- _What you have to do_
Every line from the top of the records through the line containing "Location of Zirc District, Veszprém, Hungary" should be retyped exactly; the pictures should not.

- _Input data_
* * * * * * *
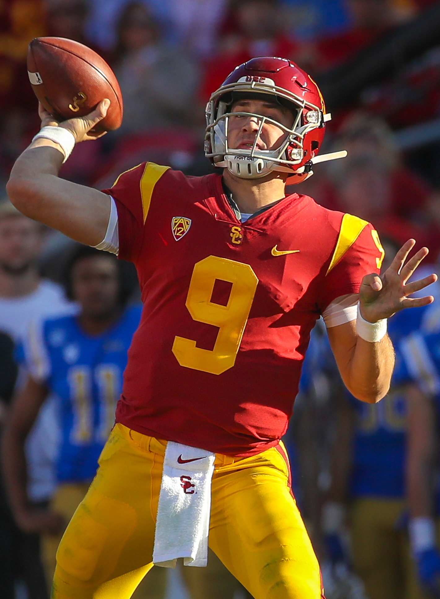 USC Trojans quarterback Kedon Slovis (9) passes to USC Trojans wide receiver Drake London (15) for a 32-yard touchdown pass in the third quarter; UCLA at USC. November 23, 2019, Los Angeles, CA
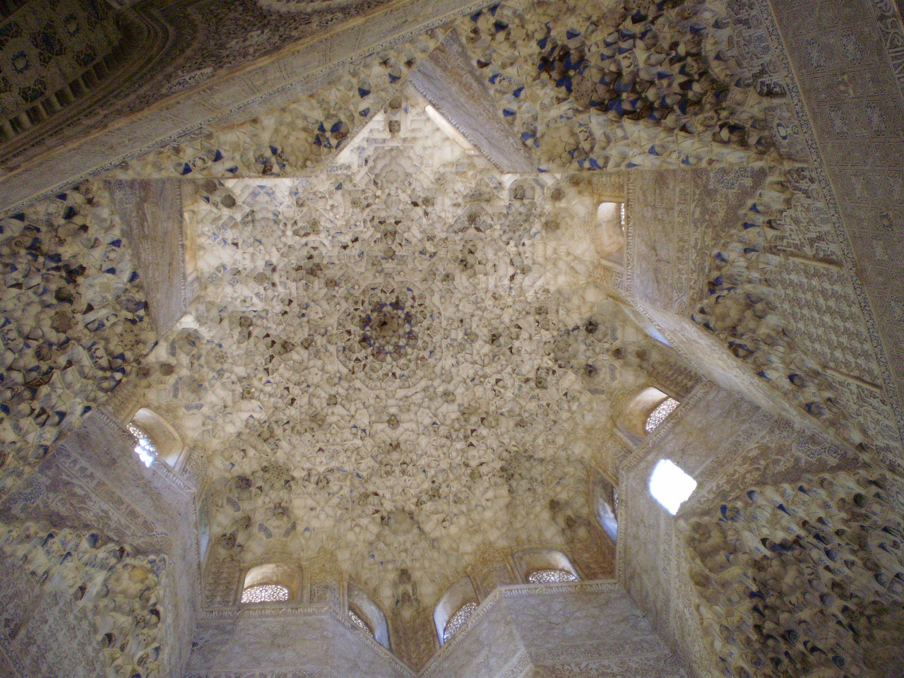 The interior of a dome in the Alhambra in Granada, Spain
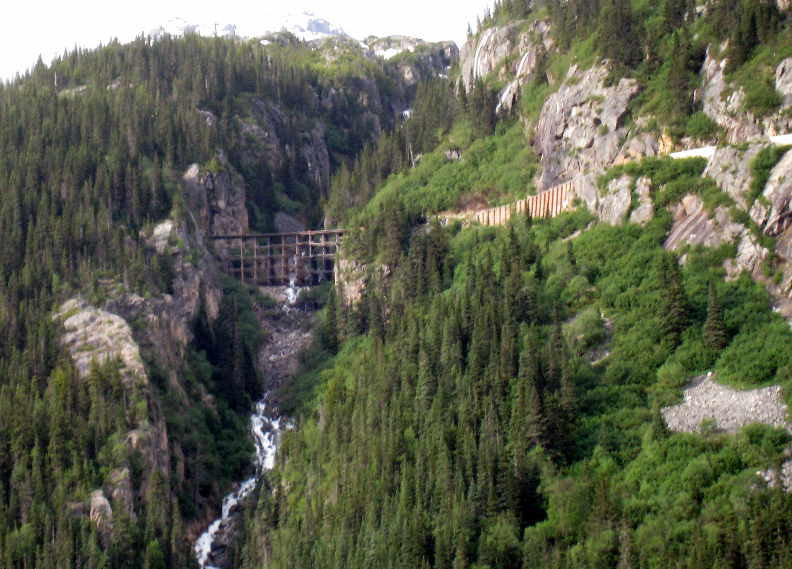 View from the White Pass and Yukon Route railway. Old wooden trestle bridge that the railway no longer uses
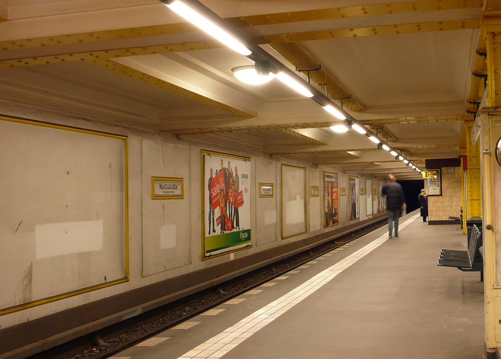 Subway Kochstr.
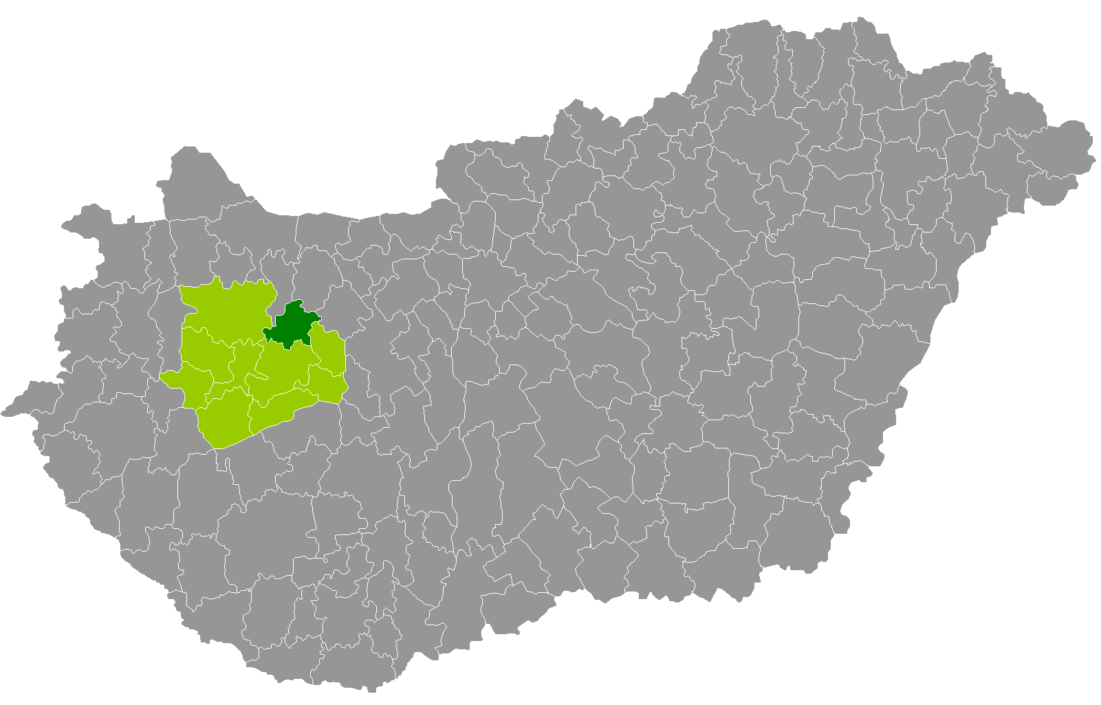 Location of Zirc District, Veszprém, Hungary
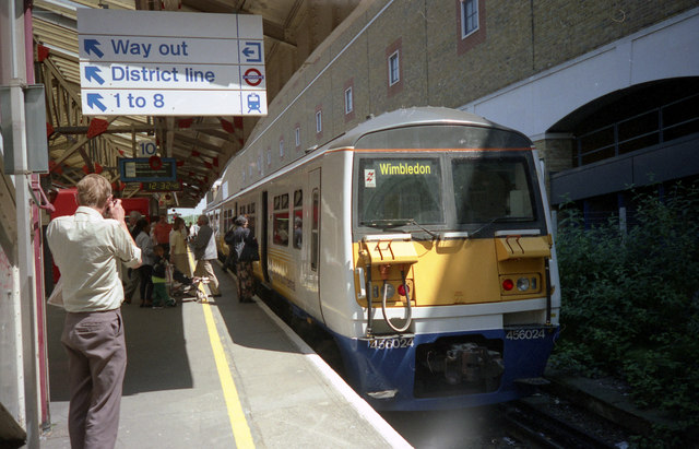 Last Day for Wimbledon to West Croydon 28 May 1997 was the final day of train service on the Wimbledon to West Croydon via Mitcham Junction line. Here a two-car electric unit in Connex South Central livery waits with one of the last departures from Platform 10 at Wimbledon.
* * * * * * *
- _Response to the task_
 USC Trojans quarterback Kedon Slovis (9) passes to USC Trojans wide receiver Drake London (15) for a 32-yard touchdown pass in the third quarter; UCLA at USC. November 23, 2019, Los Angeles, CA
 The interior of a dome in the Alhambra in Granada, Spain
 View from the White Pass and Yukon Route railway. Old wooden trestle bridge that the railway no longer uses
 Subway Kochstr.
 Location of Zirc District, Veszprém, Hungary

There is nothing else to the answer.